» Assigned task: The reply should hold only the lines below beginning at the one with "white/gold leather front" and ending at the one with "Beschreibung: 4 db", copied exactly, with every picture left out.

» Dataset excerpts:

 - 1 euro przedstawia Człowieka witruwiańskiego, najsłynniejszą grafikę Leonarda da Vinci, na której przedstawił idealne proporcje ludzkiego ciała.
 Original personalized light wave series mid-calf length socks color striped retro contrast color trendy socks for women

* * *

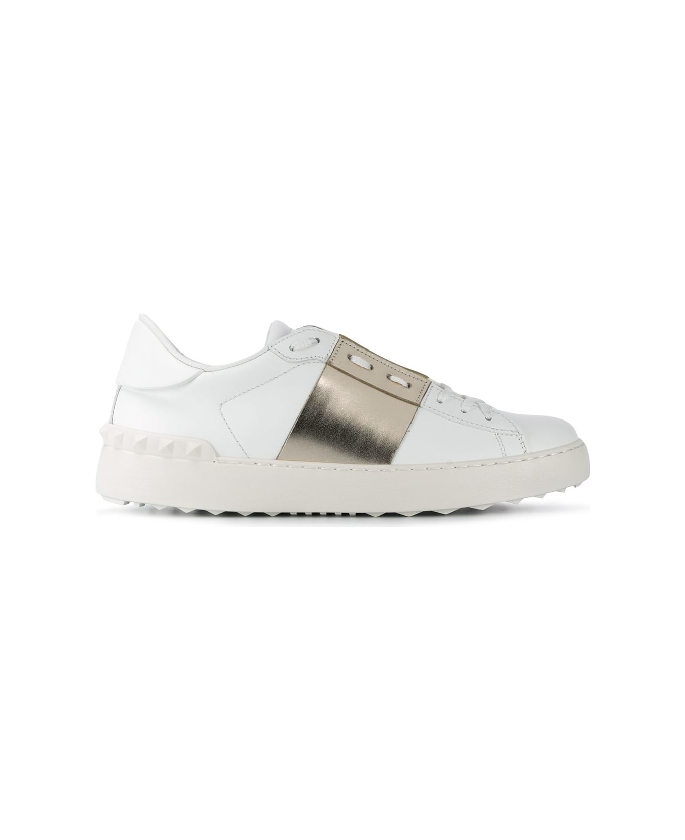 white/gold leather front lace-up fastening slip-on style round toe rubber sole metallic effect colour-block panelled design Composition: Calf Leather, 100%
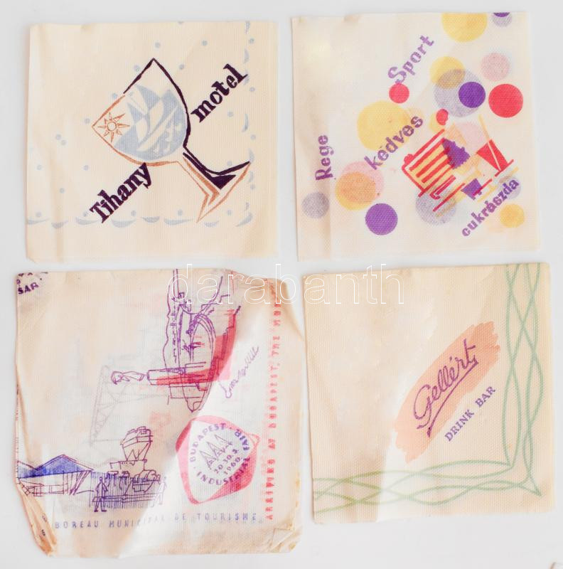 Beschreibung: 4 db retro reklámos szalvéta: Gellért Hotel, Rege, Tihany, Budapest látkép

» Output for this exercise:
 white/gold leather front lace-up fastening slip-on style round toe rubber sole metallic effect colour-block panelled design Composition: Calf Leather, 100%
 Beschreibung: 4 db retro reklámos szalvéta: Gellért Hotel, Rege, Tihany, Budapest látkép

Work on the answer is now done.